22. Медвежья берлога.

Жук торопливо докладывал суть дела своему хозяину, пока тот, нахмурившись, переводил взгляд с Бьярки на Гнеду. Девушка всё ещё осмысливала, что знатный свенн с постоялого двора, оказывается и есть Судимир, а темноволосый юноша рядом с ним, тот самый, что сидел с ней у костра в ночь Солнцеворота, — сам княжич Стойгнев. Бьярки поднялся и с мрачным видом отряхивался, по-прежнему не произнося ни слова, и его молчание не сулило Гнеде ничего хорошего.

Судимир кивнул и что-то коротко и довольно резко сказал ключнику. Тот с поклоном попятился и тут же нашёл, на ком выместить злость.

— Шапку долой перед княжичем и боярином! – закричал он на Гнеду.

Она моргнула от неожиданности, но осталась стоять, не шелохнувшись, добела сжав губы. Жук подскочил и сам сорвал шапку, тут же отпрянув, будто ошпарившись чёрной как смоль косой, выпрыгнувшей из-под неё.

Люди не смогли сдержать изумления. Кто-то охнул, женщины вскрикнули, а иные стали делать знаки от нечистой силы.

— Девка! — послышалось со всех сторон. — Гляньте, девка!

Судимир, как и все пристально смотрел на девушку, и теперь было ясно как день, кем ему приходился Бьярки и почему Гнеде он показался знакомым. Глаза и брови сын явно унаследовал от отца. Прищурившись, боярин сделал еле заметное движение головой, словно не веря какой-то собственной мысли.

Княжич, нахмурившись, изучал девушку, и если и удивился, то не подал виду. Ропот среди дворовых людей усиливался, но Судимир по-прежнему молчал, спокойно поглядывая на Стойгнева.

— Кто ты такая и по какому праву нарядилась в мужскую одежду? — наконец спросил княжич, выражая всеобщий вопрос.

Девушка еле стояла на ногах от слабости, а во рту пересохло так, что язык прилип к нёбу. С усилием размежив губы, она ответила чужим голосом:

— Моё имя Гнеда, княжич. Я пришла сюда издалека, дорогой, опасной для одинокой путницы, верхом, и хотела лишь обезопасить себя.

Стойгнев коротко хмыкнул.

— Нынче не колядки и рядиться никому не дозволено, — холодно возразил он. — Что заставило тебя в одиночку пуститься в путь? Откуда ты идёшь?

— Я сирота, княжич, и жила милостью одного доброго старого человека, принявшего меня под свой кров. Но мой опекун умер, а вместе с ним я лишилась дома. Я решила отправиться в город, чтобы наняться на службу. А иду я из Перебродов.

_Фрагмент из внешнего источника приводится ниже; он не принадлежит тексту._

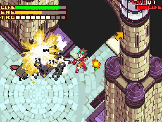 Aber es regt sich Widerstand: Da ist einmal die so genannte „Zunft“, die sich dem ehrenhaften Kampf gegen das Böse verschrieben hat. Ihr gehört ein Junge namens Aaron an, der mit seiner Pistole attackiert. Und da ist ein wütender Einzelgänger namens Lucian, der sich die Rache am Tod seines Vaters aufs dunkle Schwert geschrieben hat. Diese beiden Helden sollen die Vampirfürsten jagen, den Sonnenschirm zerstören und die Erde retten. Ab dem dritten Kapitel könnt ihr jederzeit zwischen ihnen wechseln – allerdings gibt es keine Teambildung wie in Castlevania; man steuert immer nur einen Helden.

Стойгнев сложил руки на груди и ещё раз окинул её смурым взором с головы до ног. Гнеда почувствовала, что он не верит ей. Княжич полуобернулся, ища взглядом кого-то из слуг, и девушка замерла в тягостном предчувствии беды. Что он собирается сделать? Вышвырнуть из города? Бросить в поруб? Или что похуже? Девушка сжалась, и её пробрал озноб.

— Княжич, дозволь слово молвить, — неожиданно вмешался Судимир. Слегка поклонившись, он с мягкой улыбкой дотронулся до руки Стойгнева, и Гнеде подумалось, что это почти родственное прикосновение было невозможно без тесной близости между ними. — Не спеши казнить, княжич. Кажется, нашёлся мой скромный заступник-то. Разреши подойти к ней, — попросил он и, едва дождавшись скупого кивка Стойгнева, приблизился к Гнеде.

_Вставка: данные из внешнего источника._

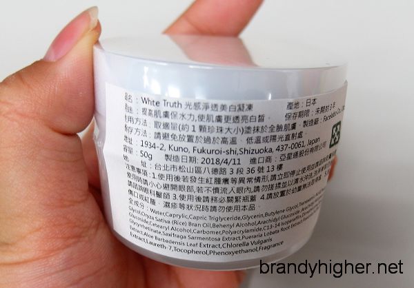 這罐光感淨透美白凝凍是從日本原裝進口,由White Truth研發的光感淨透美白凝凍,成分添加傳明酸,擁有七效合一的美白凝凍,(七效為乳液、精華液、化妝水、美容乳霜、眼霜、按摩霜、面膜),光感淨透美白凝凍非常適合懶人專用,天然的和漢成分中可以溫和的進行美白、淡斑的效果,還能達到24小時長效保濕,是一款非常保水、補水的產品。 光感淨透美白凝凍使用方式非常簡單,因為凝凍本身較水,所以建議大家可以一次挖10元硬幣的大小塗抹在臉上,由內往外推,將水分當作按摩霜,一邊按摩眼部周遭、拉提下巴,可以在時常缺水的部位加強厚度,強化亮白效果,若是有曬斑也可以敷在上面,光感淨透美白凝凍主打就是淡斑、美白,只要每日敷一些光感淨透美白凝凍,長久下來一定會有所改善膚質,如果被炎炎夏日曬傷,請考慮光感淨透美白凝凍做為你的補救救星!

— Узнаёшь ли ты меня, девочка?

В его голосе слышалось столько участия, что у Гнеды перехватило дыхание. Боярин был первым человеком, от которого девушка слышала доброе слово. С трудом сдерживая подступившие слёзы, она лишь кивнула, не понимая, к чему Судимир клонит.

— Где же ты видела меня?

— В Зелёном Трилистнике.

— При каких обстоятельствах? Говори всё без утайки. — Он одобряюще улыбнулся ей.

Гнеда в растерянности огляделась. Княжич внимательно ждал, хотя с чела его так и не сошла подозрительность, а Бьярки взирал на них глазами, полными недоверия и тревоги.

— Вчера я видела тебя в харчевне, среди свеннов. — Она остановилась и с беспокойством обвела окружающих глазами, но кажется, дружба Судимира с северянами ни для кого не была новостью. — А потом, в конюшне… Я случайно приметила, как двое замышляли напасть на хозяина мерина, что стоял по соседству с моим Пламенем. Остальное ты знаешь, — закончила Гнеда.

— Я-то знаю, а остальные нет. Досказывай. — Он уже не говорил с ней, словно с ребёнком. В голосе боярина проступила нетерпеливость и привычка повелевать.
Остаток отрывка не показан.